The emergency crews sat in their vehicles, windows firmly up. A burly fireman in full protective gear walked over and asked my friend if he was the owner of THE CACTUS. It was difficult to understand what he was saying through the breathing apparatus. However he accepted a cup of tea. And drank it through a straw. My friend said he had lots of cacti and they were in the greenhouse at the end of the garden.

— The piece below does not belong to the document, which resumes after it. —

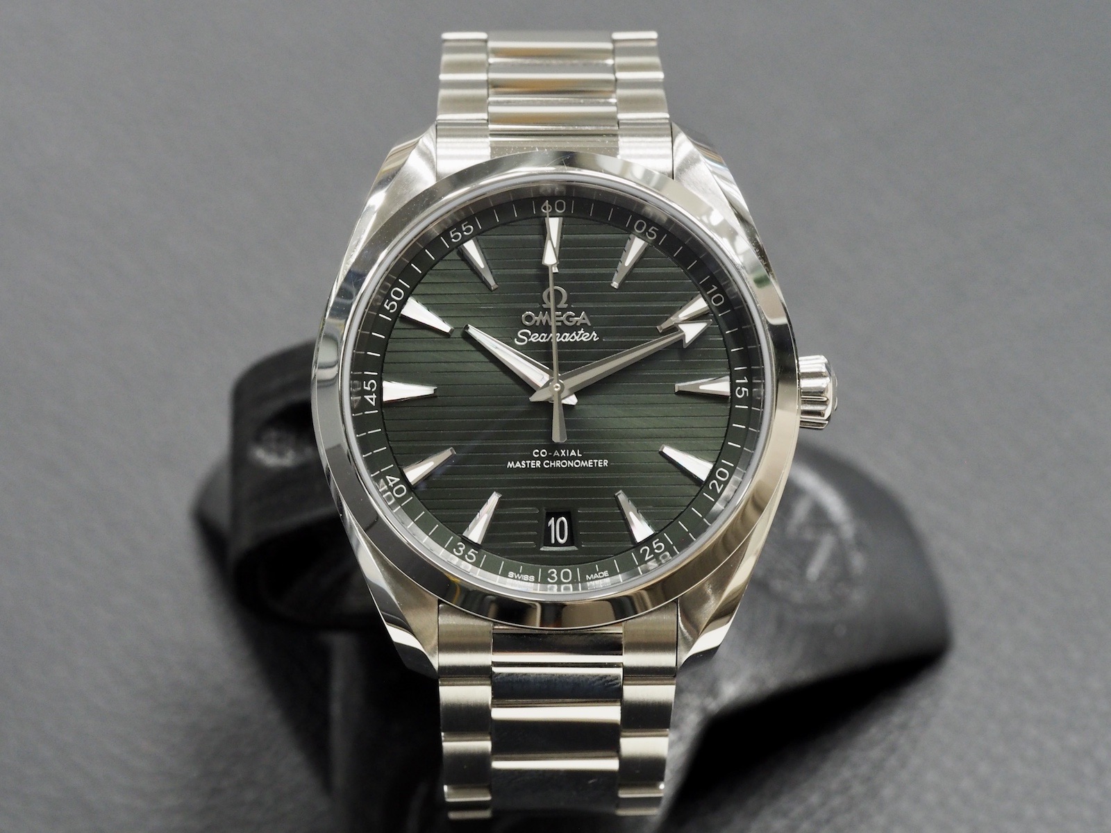Upea ja hienokuntoinen 41mm Omega Seamaster Aquaterra, ref. 22010412110001. Upealla vihreällä taululla varustettu Aquaterra on tyylikäs kello, joka soveltuu hienosti päivittäiseen käyttöön ja näyttää hyvältä myös virallisemmassa asussa. Complete set 7/2023. Valmistajan takuu voimassa 7/2028 asti.

Bird-eating tarantula on a dinner plate

Bird eating tarantula on a dinner plate

Dragging some heavy equipment behind him the fireman took the path to the back garden. My friend had to be restrained when the fireman took out his cigarette lighter and lit a flame-thrower which he played back and forth over his entire cactus collection. Soon the greenhouse was a buckled ruin and the cacti were smouldering ashes. ‘I say’ said my friend, ‘I know I had a few mealy bugs and an illegal cactus but that seemed a bit extreme’. At that point a government official came over; my friend saw he had Ministry of Farms and Fishing on his donkey jacket.

Follow me the official said and led my friend up the garden path.

"What the hell's going on?" he says.

"Let me show you" says the official. He went over to the opuntia and picked away a crusty bit; the cactus was almost entirely hollow and filled with dead tiger striped bird-eating tarantula spiders, each about the size of two hand spans. Apparently the parent had laid eggs in the cactus years ago which had hatched and grown to full size. When mature the cactus explodes and releases thousands of 15 inch tarantulas which rapidly migrate, biting anything on their way. The bite is excruciatingly painful but only fatal in old people, cats and babies. And birds of course.

The area around was fumigated and my friend and his neighbours were allowed to return to their homes three days later. An ecological disaster had been averted and the only casualty was the old cat who died of oldness a week later and hundreds of cacti which were my friend’s pride and joy. And, of course those bird-eating tarantulas.

The moral of this story is never, ever collect cacti in the wild.

Authorized by those nice CITES people.